WORK INSTRUCTION » The reply should hold every line of the listing exactly, and none of its images.

· · · · · · ·

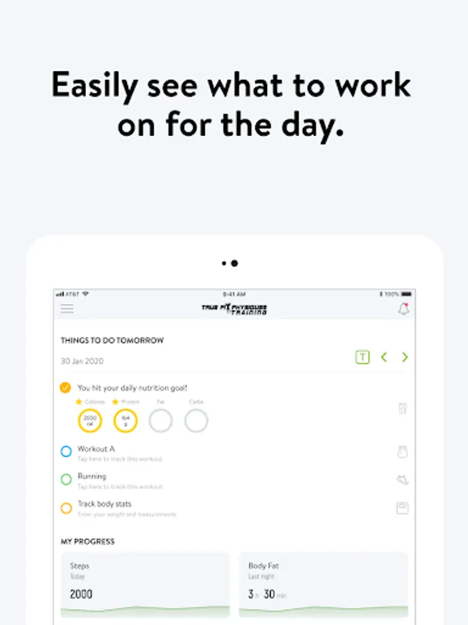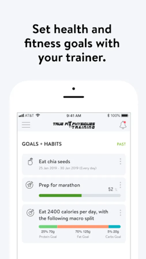 With the TrueFitPhysiques Training App, you can start tracking your workouts and meals, measuring results, and achieving your fitness goals, all with the help of your personal trainer.
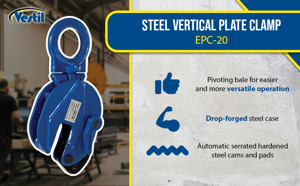 EPC-20 EPC-20Steel Vertical Plate Clamp 2,000 Lb. Capacity BlueMin Uniform Plate Weight (lb.): 400
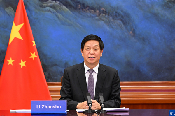 栗战书介绍了中国的人民代表大会制度相关情况。他说,民主是全人类的共同价值,是要用来解决人民需要解决的问题的,实现民主有多种方式,不可能是千篇一律的。中国将坚持和完善人民代表大会制度,不断发展全过程人民民主,在治国理政的各项政策和工作实践中,把人民当家作主具体、现实地体现出来。
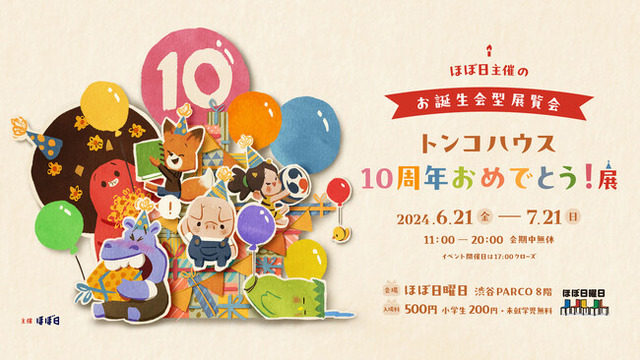 2024年7月14日、アニメーションスタジオ「トンコハウス」は設立から10周年をむかえます! そこで、コンテンツやイベントでお世話になってきた「ほぼ日」からトンコハウスへ「おめでとう!」の気持ちを届ける「お誕生会型展覧会」を渋谷PARCO8Fの「ほぼ日曜日」で開催します。
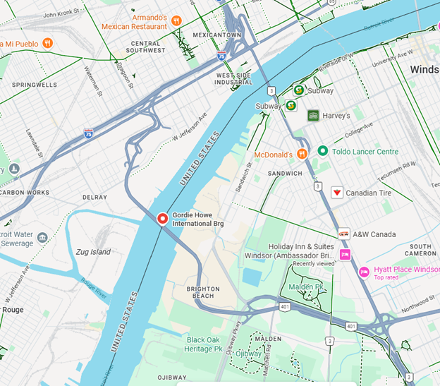 The new Gordie Howe crossing fixes that. It directly connects Highway 401 in Canada to Interstate 75 in the U.S., giving commercial traffic a smooth, uninterrupted route (see left centre). Up to 10,000 trucks a day are expected to shift to the new corridor, dramatically easing pressure on local streets. Note that in Windsor you must travel north to get to the U.S.!

· · · · · · ·

EXERCISE RESULT »
 With the TrueFitPhysiques Training App, you can start tracking your workouts and meals, measuring results, and achieving your fitness goals, all with the help of your personal trainer.
 EPC-20 EPC-20Steel Vertical Plate Clamp 2,000 Lb. Capacity BlueMin Uniform Plate Weight (lb.): 400
 栗战书介绍了中国的人民代表大会制度相关情况。他说,民主是全人类的共同价值,是要用来解决人民需要解决的问题的,实现民主有多种方式,不可能是千篇一律的。中国将坚持和完善人民代表大会制度,不断发展全过程人民民主,在治国理政的各项政策和工作实践中,把人民当家作主具体、现实地体现出来。
 2024年7月14日、アニメーションスタジオ「トンコハウス」は設立から10周年をむかえます! そこで、コンテンツやイベントでお世話になってきた「ほぼ日」からトンコハウスへ「おめでとう!」の気持ちを届ける「お誕生会型展覧会」を渋谷PARCO8Fの「ほぼ日曜日」で開催します。
 The new Gordie Howe crossing fixes that. It directly connects Highway 401 in Canada to Interstate 75 in the U.S., giving commercial traffic a smooth, uninterrupted route (see left centre). Up to 10,000 trucks a day are expected to shift to the new corridor, dramatically easing pressure on local streets. Note that in Windsor you must travel north to get to the U.S.!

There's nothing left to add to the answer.